Spatial distribution of soil sampling sites in the Yellow River Basin.
Field methods
In the first phase, we excavated a 40 cm deep profile at each sampling point and collected disturbed and undisturbed soil samples from two layers (0–5 cm and 20–25 cm). During this stage, 764 disturbed and 764 undisturbed soil samples were collected. Undisturbed soil cores were placed into metal cylinders after collection to facilitate the subsequent measurement of soil hydraulic parameters50.
In the second phase, to facilitate deep undisturbed soil sampling (the targeted depth is 5 m), we employed a hand-held drilling machine (CHPD78, Christie Engineering Pty Ltd., Australia). To prevent compression in the soil core, a dual-tube setup was used within the drilling pipe, with an inner retrievable tube designed to accommodate the soil cores. The core diameter was 37 mm, and the inner tube was replaced every 1 m during drilling to ensure the sample integrity. To ensure sample correspondence, two boreholes (with 0.5 m distance) were drilled at each sampling point to retrieve the disturbed and undisturbed soil samples (Fig. 2). For the surface layer, the disturbed and undisturbed soil samples were obtained from the depth of 0.05 m. Subsequently, the sampling was carried out every 20 cm starting from the depth of 0.2 m. During this phase, 2161 disturbed and 2036 undisturbed soil samples were collected. Owing to constraints related to soil depth and the structure in certain layers, the number of undisturbed samples was lower than that of disturbed samples. As in the first phase, the undisturbed soil samples were placed into metal cylinders after collection. To prevent samples inside the metal cylinders from disturbance, we preserved them in a shockproof foam box after sampling and promptly returned them to the laboratory for the storage. Ultimately, a total of 2925 disturbed soil samples and 2800 undisturbed soil samples were collected in the two phases.
Fig. 2.
Schematic of in situ soil sampling using a handheld drilling machine.
Laboratory methods
All disturbed soil samples underwent preprocessing, including weed removal, air-drying, grinding, and sieving (using a 1 mm mesh), before particle size distribution was analyzed. Mastersizer laser particle size analysers (Mastersizer 3000, Malvern Panalytical, UK) were used to determine soil particle size distribution. Subsequently, the soil particle sizes were categorised according to the United States Department of Agriculture (USDA) standards into clay particles (< 0.02 mm), silt particles (0.02–0.5 mm), and sand particles (> 0.5 mm), leading to the classification of soil texture following USDA standards51.

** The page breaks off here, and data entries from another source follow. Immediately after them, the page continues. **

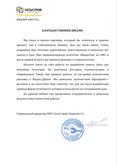 Коллеги взяли на себя работы по разработке нового сайта для компании Сетьстрой. Он получился быстрым, технологичным И современным. Также они провели работы по настройке контекстной рекламы в Яндекс.Директ. Мы довольны количеством обращений с рекламы и их качеством! Еще отметим, что для нас была разработана удобная форма отчётности, которая используется по сегодняшний день.
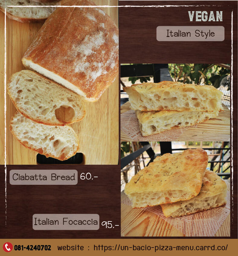 ขนมปังเชียบัตต้า 180 g./ชิ้น.............60.-11. Foccacia bread
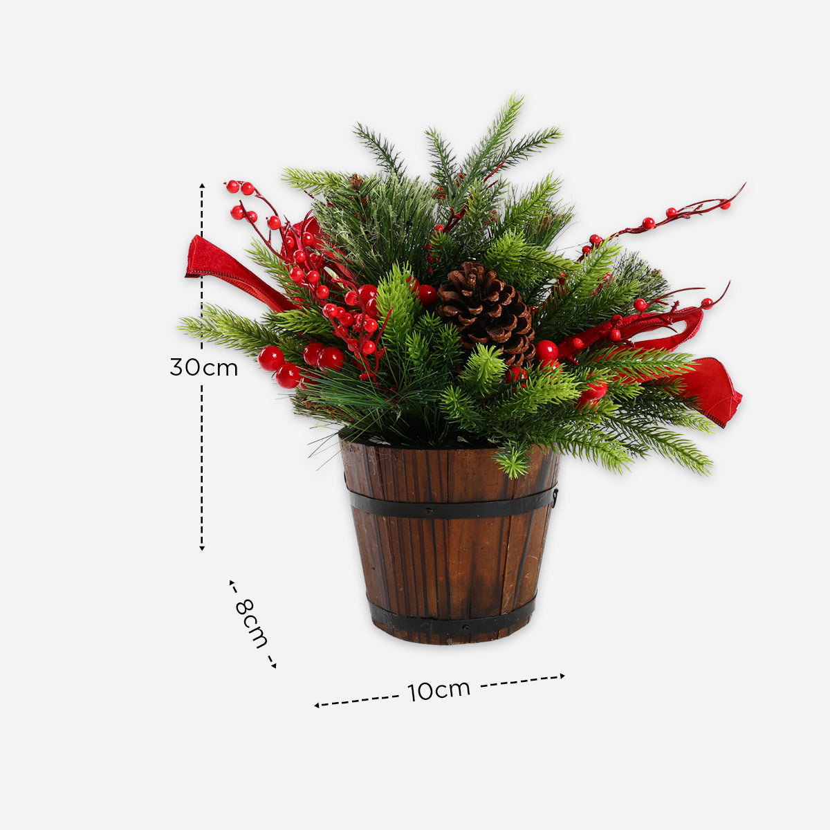 Add a touch of holiday accent to your table with this Christmas arrangements, perfect for festive displays. Material: Wood and Plastic Pre-decorated Makes a perfect statement piece Measurement: L10 x W8 x H30 cm
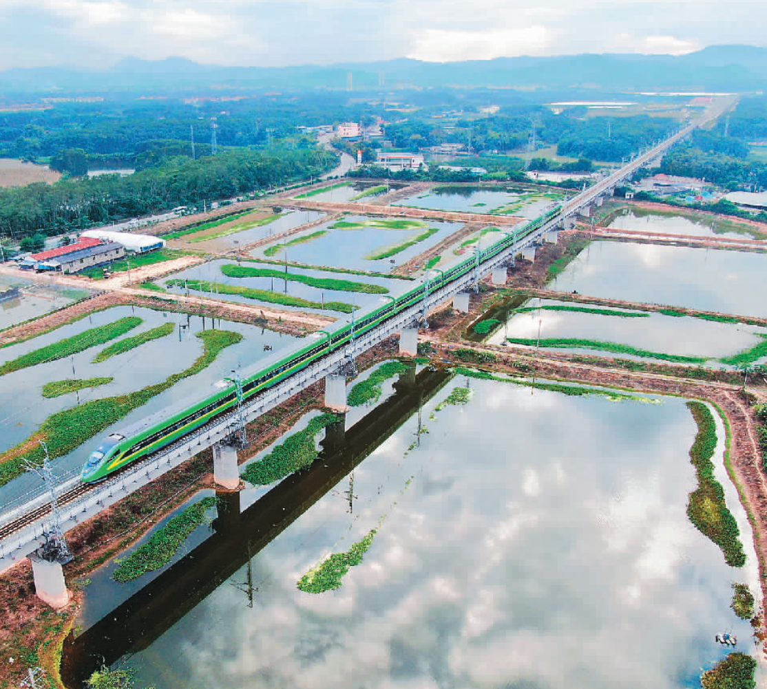 “复兴号”列车行驶在云南省景洪市境内的中老铁路橄榄坝特大桥上。
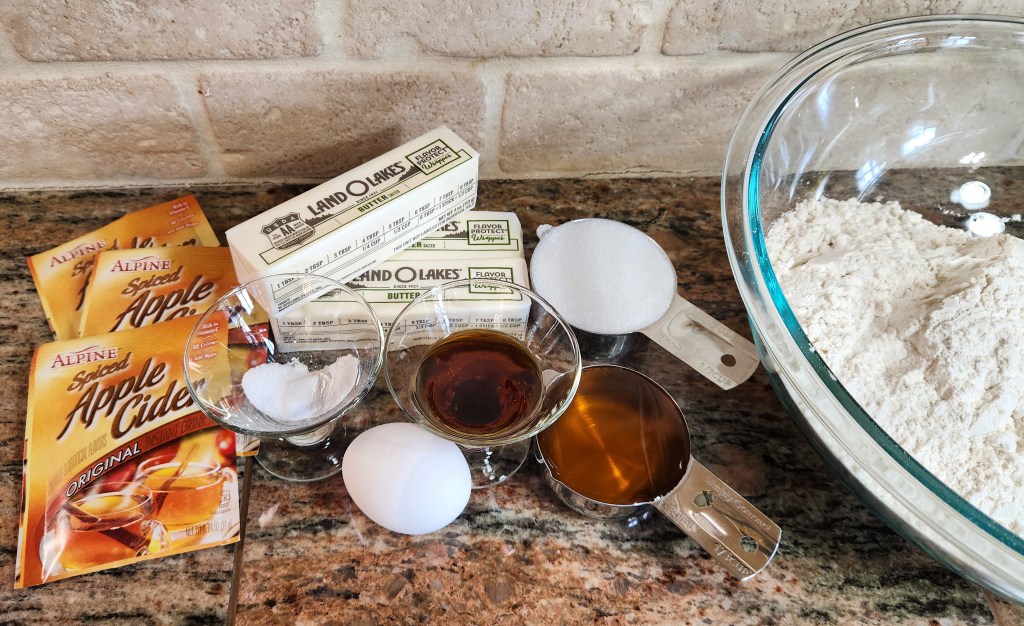 4 packets of Alpine Spiced Apple Cider mix: 6 Tablespoons for the dough and the rest for sprinkling on top of pressed cookies before baking
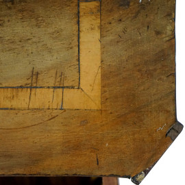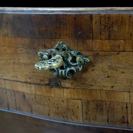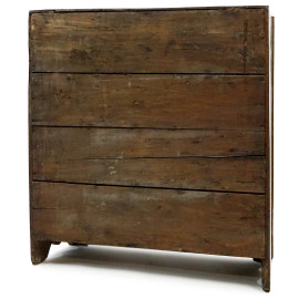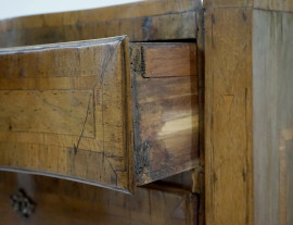 Comodino lastronato, XVIII secolo, fronte di linea mossa a quattro cassetti, piedi a mensola, cm h 80x71x33, (difetti, elementi e parti sostituite).
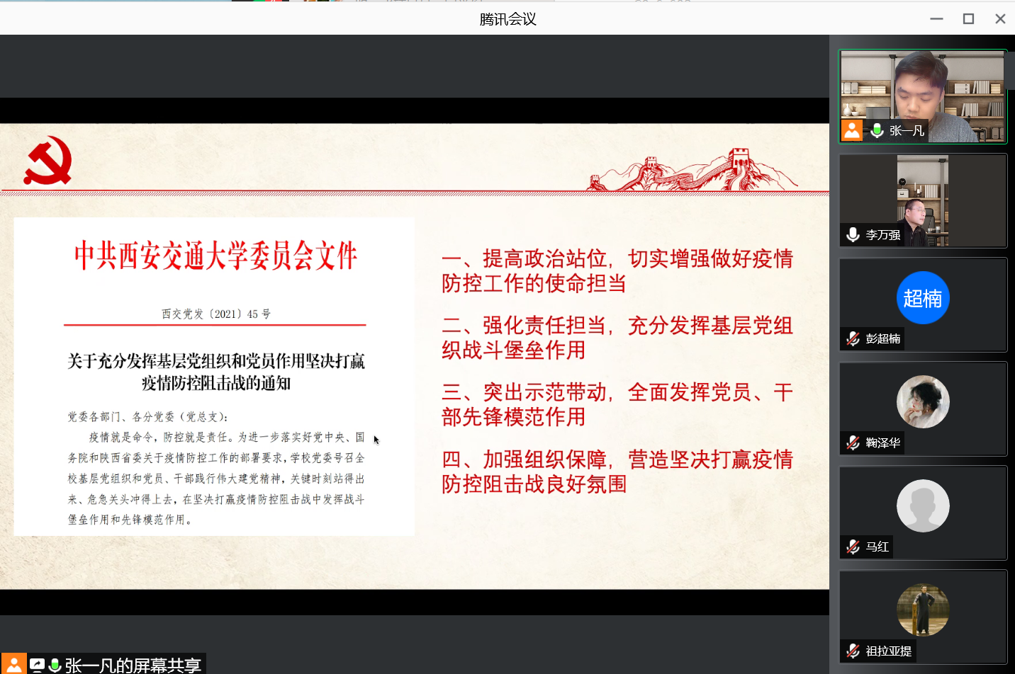 12月31日上午,开云足球_开云(中国)硕1173党支部召开线上组织生活会,深入学习落实上级党委关于疫情防控的相关文件精神。党支部成员及入党积极分子代表共计15人参与本次会议,开云足球_开云(中国)副院长李万强教授出席。会议由党支部书记张一凡主持。
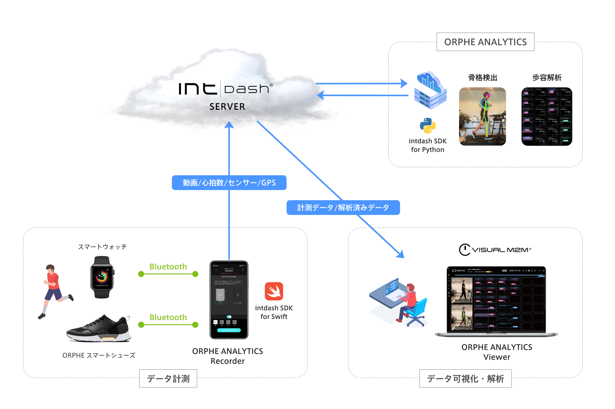大容量データのストリーミング環境を実現する『intdash』と、オルフェが提供するセンサーデバイス『ORPHE CORE』とデータ収集アプリ『ORPHE ANALYTICS』を連携することで、intdash の時系列データストアに蓄積されるセンサー/心拍/動画データをリアルタイムに分析・可視化し、リハビリテーションや歩行/走行指導に利用できます。
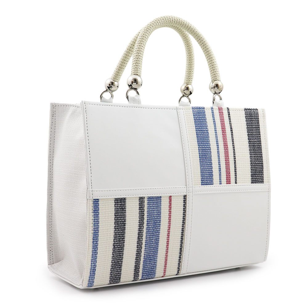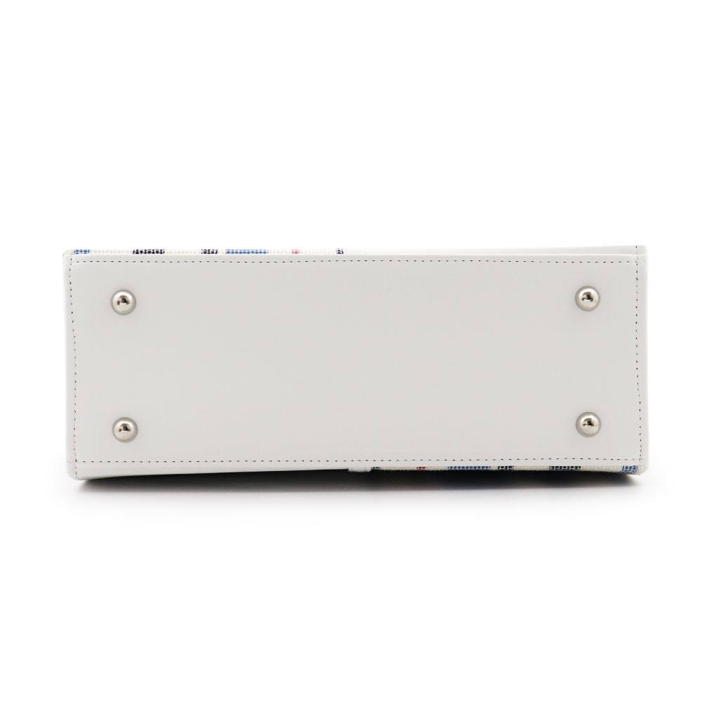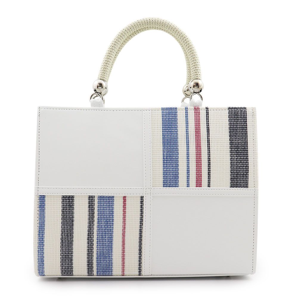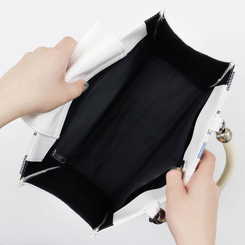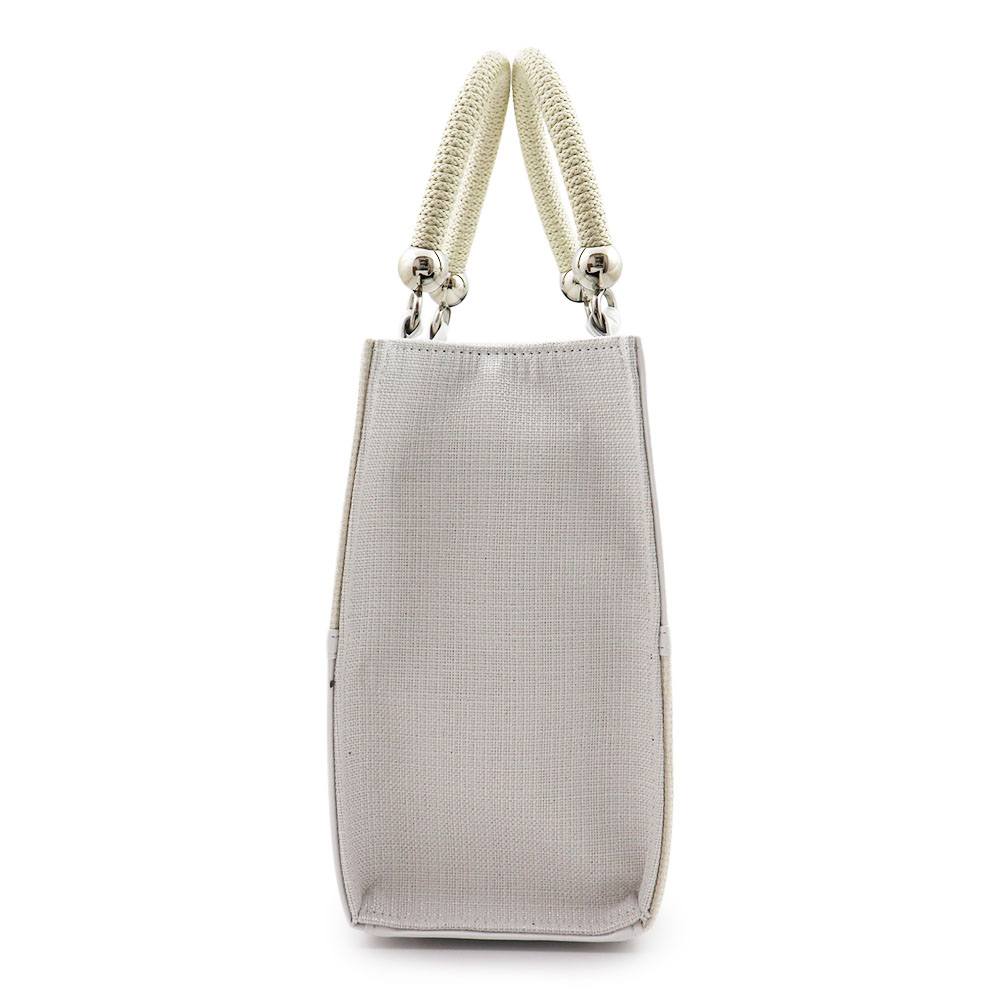 麻地のざっくりとしたナチュラルな風合いと、レザーのなめらかな質感がマッチした一品。白×青を基調としたマリンカラーに、銀パーツとロープのような持ち手もあいまって爽やかな仕上がりです。
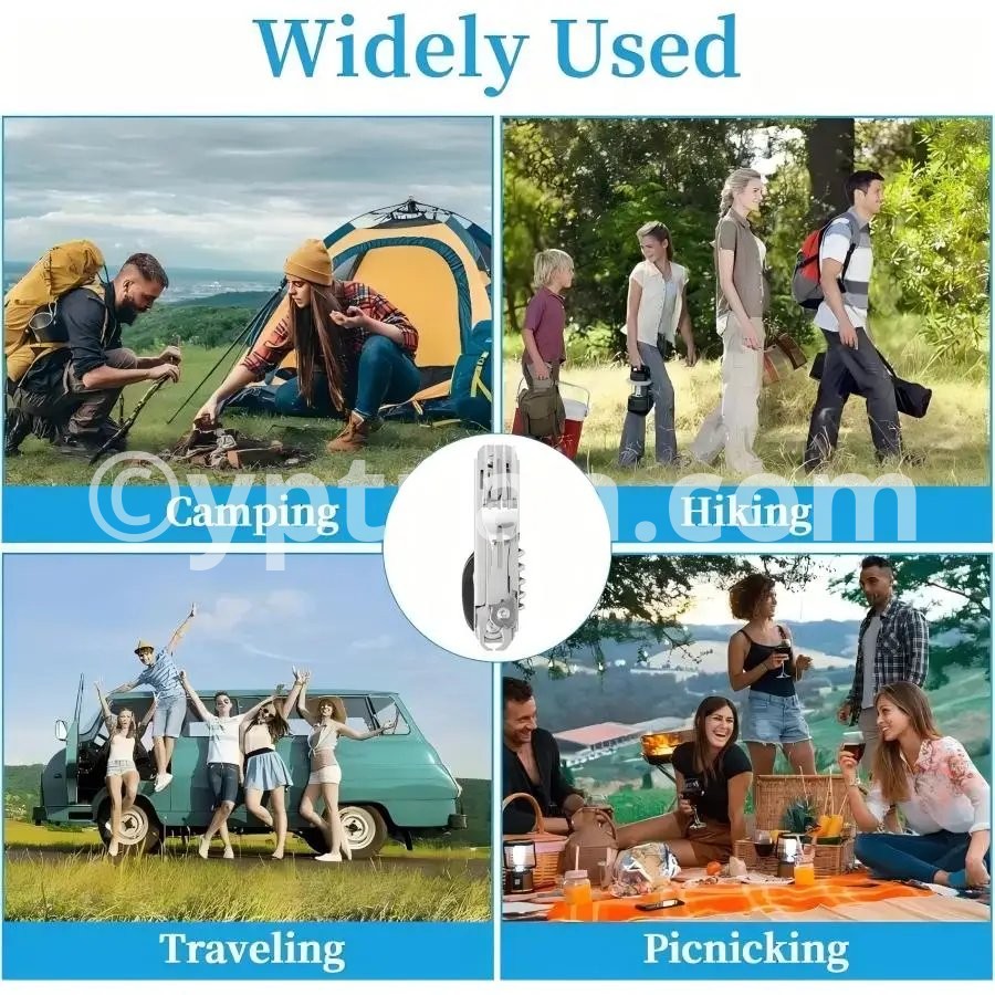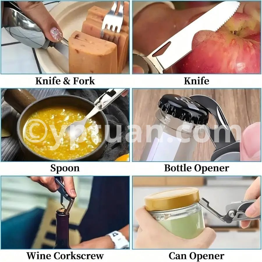 This camping utensil set with a detachable fork, spoon, knife and bottle opener, allowing you to easily disassemble and fold.

The undisturbed soil samples were initially immersed for 24 h to achieve full saturation. Subsequently, we performed the determination of Ks using the constant-head method52, which involves in maintaining a constant water head infiltration through the Mariotte bottle until a stable infiltration rate is reached. Then, the amount of water passing through the sample within a fixed time were measured to calculate the Ks. Each sample was measured three times to ensure the accuracy. Centrifuge and pressure plate instrument methods are the most widely used methods for SWRC in the laboratory53. The distinction between the two methods is as follows: In the low-suction range, the pressure plate method yields fewer data points and leads to a lower precision, whereas the centrifuge method provides relatively higher precision. However, the centrifuge method can be notably affected by density changes in soils with coarser textures, potentially resulting in lower precision. In the high-suction range, the pressure plate method may yield less accurate results for soils with high clay and silt contents because of inadequate drainage during the measurement process. In this case, the centrifuge method is more suitable. Considering the high silt content of most samples in this study and the time costs of pressure plate instrument method, the centrifuge method is more suitable for determining the SWRC. Utilising a centrifuge (CR21N, Hitachi, Japan), we set a series of different rotate speeds to correspond to different suction conditions (as being outlined in Table 1). After implementing each centrifugation process corresponding to different rotate speeds under a constant temperature of 20 °C, we removed the metal cylinders from the rotor, weighed, and recorded the total mass of the metal cylinders and the internal soil sample. Then, using the final measurement of the metal cylinders and dry soil mass, we calculated the gravimetric soil water contents corresponding to different suctions. Prior to measuring the SWRC, the soil saturation water content (θs) was initially tested. Subsequently, the BD was assessed after oven-drying (at 105 °C for 10 h), enabling the conversion of gravimetric water content to volumetric water content.
Table 1.
Soil matrix potential and corresponding water head range when measuring the soil water retention curve based on centrifugation.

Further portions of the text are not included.